-------- GIVEN MATERIAL

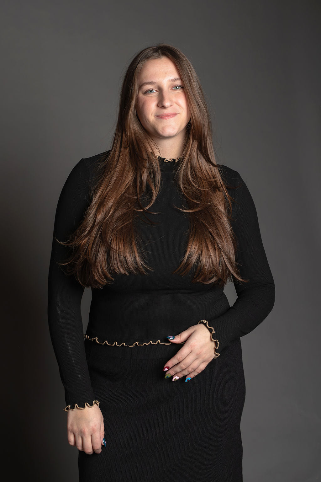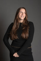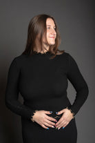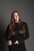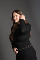 Introducing the Monica knit top from our '24 S/S Basics collection—your new go-to essential piece. This solid ribbed knit long sleeve top features a snug fit, mock neck, and distinctive lettuce trim detail along the neckline, sleeves, and hem. The soft, ribbed fabric and refined details make it perfect for layering or wearing solo with sweatpants or a denim mini skirt.
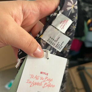 Brand new with tags. Super cute floral cropped mesh top with lettuce hem. This is an H&M collab with Netflix’s show To All The Boys I’ve Lived Before. WOMENS size medium.
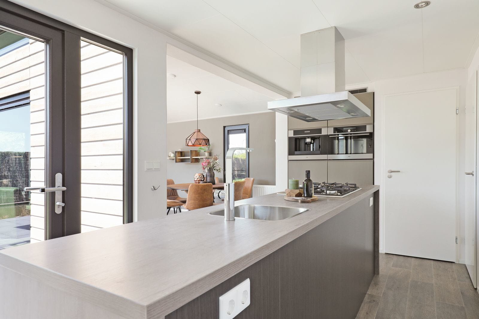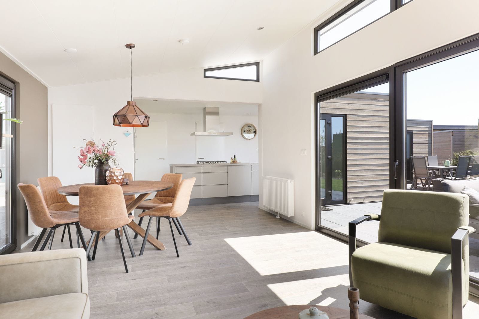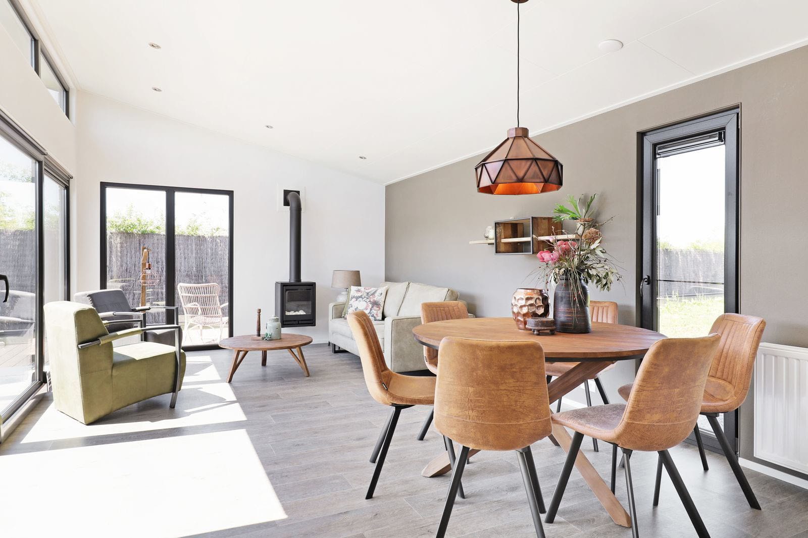Woonkamer met airco, sfeerhaard en een schuifpui naar het terras met loungeset. Compleet ingerichte open keuken voorzien van een kookeiland, vaatwasser, combi-magnetron en koffiemachine met verse bonen. Badkamer met douche, wastafel, apart toilet.

----------------

PROBLEM TO SOLVE ▸ The answer must be an exact copy of the lines from the one that holds "Brand new with" through the end of the data, both included, with no pictures.

EXERCISE RESULT ▸
 Brand new with tags. Super cute floral cropped mesh top with lettuce hem. This is an H&M collab with Netflix’s show To All The Boys I’ve Lived Before. WOMENS size medium.
Woonkamer met airco, sfeerhaard en een schuifpui naar het terras met loungeset. Compleet ingerichte open keuken voorzien van een kookeiland, vaatwasser, combi-magnetron en koffiemachine met verse bonen. Badkamer met douche, wastafel, apart toilet.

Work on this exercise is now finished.